--- START ---
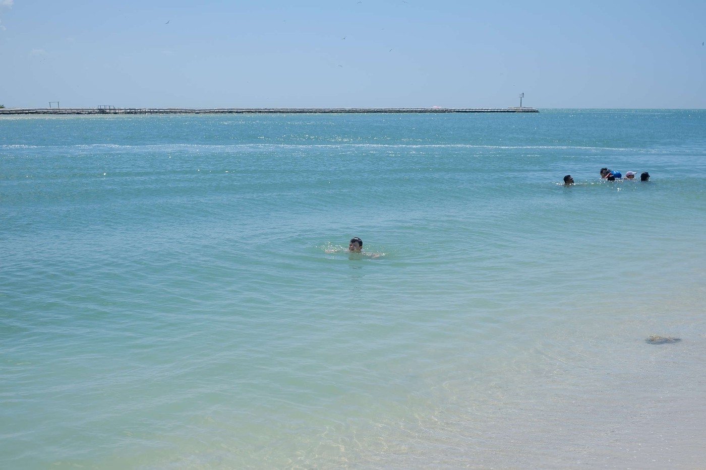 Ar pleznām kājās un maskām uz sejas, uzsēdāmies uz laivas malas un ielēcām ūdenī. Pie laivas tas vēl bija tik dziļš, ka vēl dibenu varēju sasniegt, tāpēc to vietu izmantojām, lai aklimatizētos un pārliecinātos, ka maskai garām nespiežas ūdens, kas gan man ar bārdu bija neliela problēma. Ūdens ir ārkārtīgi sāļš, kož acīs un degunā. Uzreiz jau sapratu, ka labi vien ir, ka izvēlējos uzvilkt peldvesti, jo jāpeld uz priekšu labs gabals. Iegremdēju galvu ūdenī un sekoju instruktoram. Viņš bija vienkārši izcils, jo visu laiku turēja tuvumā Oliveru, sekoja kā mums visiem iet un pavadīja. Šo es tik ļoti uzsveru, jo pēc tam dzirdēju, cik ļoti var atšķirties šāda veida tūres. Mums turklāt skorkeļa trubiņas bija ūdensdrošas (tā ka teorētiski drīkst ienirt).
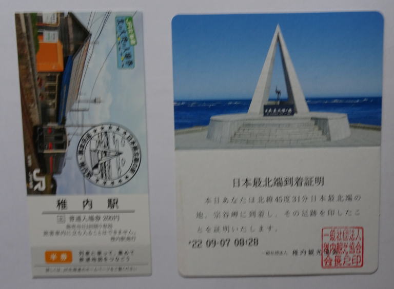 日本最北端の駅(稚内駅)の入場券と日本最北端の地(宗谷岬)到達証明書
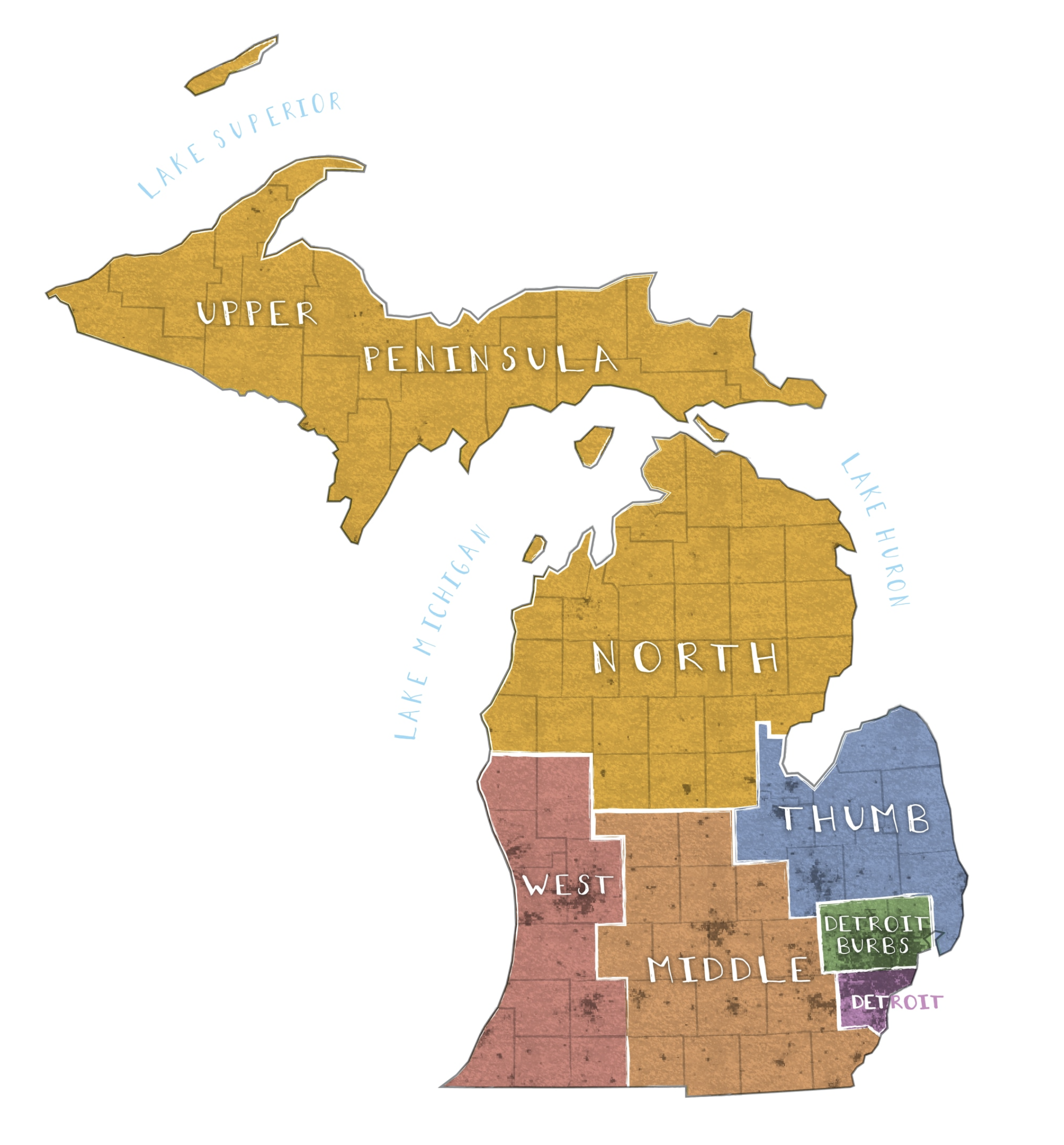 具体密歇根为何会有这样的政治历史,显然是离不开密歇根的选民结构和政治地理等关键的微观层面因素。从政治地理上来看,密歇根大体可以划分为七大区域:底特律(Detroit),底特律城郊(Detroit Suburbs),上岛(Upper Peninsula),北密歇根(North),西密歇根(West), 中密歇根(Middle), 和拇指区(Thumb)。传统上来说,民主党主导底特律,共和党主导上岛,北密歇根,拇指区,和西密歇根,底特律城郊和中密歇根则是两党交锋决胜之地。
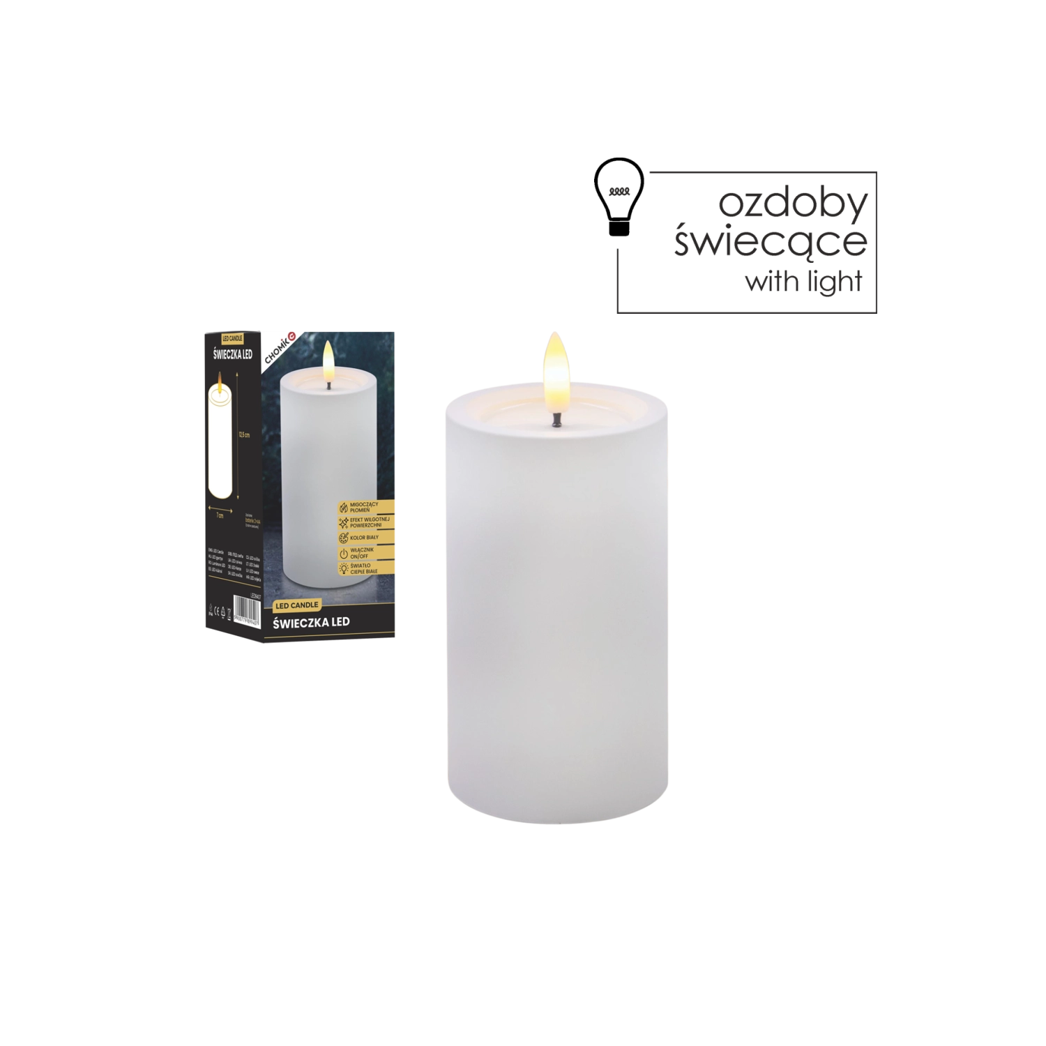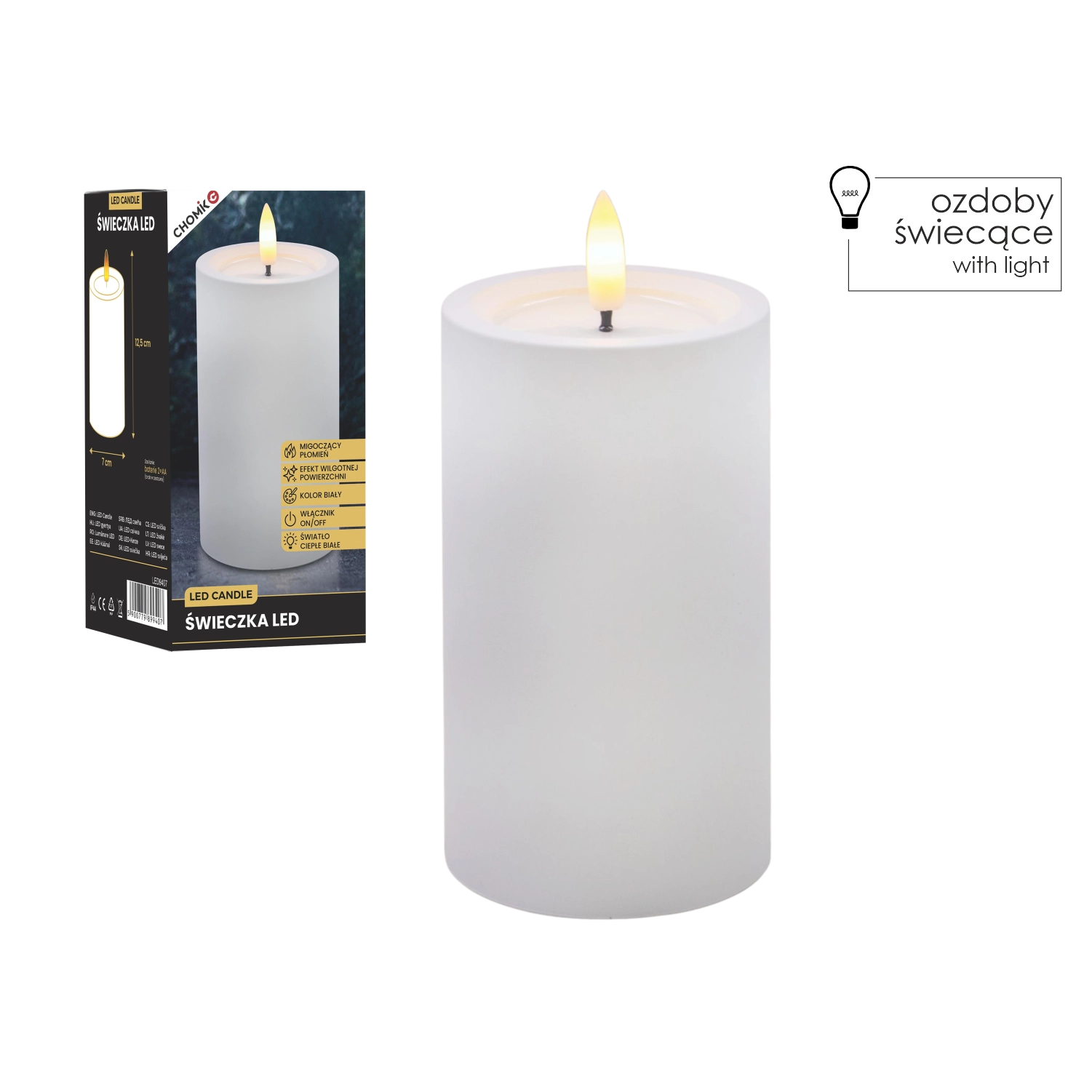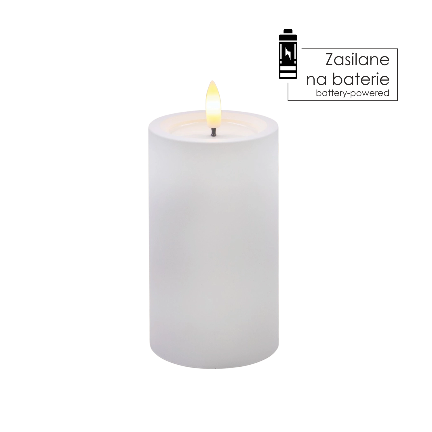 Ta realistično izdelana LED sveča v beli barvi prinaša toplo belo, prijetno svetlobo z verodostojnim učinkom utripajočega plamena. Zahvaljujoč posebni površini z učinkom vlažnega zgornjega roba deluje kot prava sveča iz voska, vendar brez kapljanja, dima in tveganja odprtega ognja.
--- END ---
TASK PROMPT:
Are you able to set down all the lines above exactly, without any pictures?

TASK ANSWER:
 Ar pleznām kājās un maskām uz sejas, uzsēdāmies uz laivas malas un ielēcām ūdenī. Pie laivas tas vēl bija tik dziļš, ka vēl dibenu varēju sasniegt, tāpēc to vietu izmantojām, lai aklimatizētos un pārliecinātos, ka maskai garām nespiežas ūdens, kas gan man ar bārdu bija neliela problēma. Ūdens ir ārkārtīgi sāļš, kož acīs un degunā. Uzreiz jau sapratu, ka labi vien ir, ka izvēlējos uzvilkt peldvesti, jo jāpeld uz priekšu labs gabals. Iegremdēju galvu ūdenī un sekoju instruktoram. Viņš bija vienkārši izcils, jo visu laiku turēja tuvumā Oliveru, sekoja kā mums visiem iet un pavadīja. Šo es tik ļoti uzsveru, jo pēc tam dzirdēju, cik ļoti var atšķirties šāda veida tūres. Mums turklāt skorkeļa trubiņas bija ūdensdrošas (tā ka teorētiski drīkst ienirt).
 日本最北端の駅(稚内駅)の入場券と日本最北端の地(宗谷岬)到達証明書
 具体密歇根为何会有这样的政治历史,显然是离不开密歇根的选民结构和政治地理等关键的微观层面因素。从政治地理上来看,密歇根大体可以划分为七大区域:底特律(Detroit),底特律城郊(Detroit Suburbs),上岛(Upper Peninsula),北密歇根(North),西密歇根(West), 中密歇根(Middle), 和拇指区(Thumb)。传统上来说,民主党主导底特律,共和党主导上岛,北密歇根,拇指区,和西密歇根,底特律城郊和中密歇根则是两党交锋决胜之地。
 Ta realistično izdelana LED sveča v beli barvi prinaša toplo belo, prijetno svetlobo z verodostojnim učinkom utripajočega plamena. Zahvaljujoč posebni površini z učinkom vlažnega zgornjega roba deluje kot prava sveča iz voska, vendar brez kapljanja, dima in tveganja odprtega ognja.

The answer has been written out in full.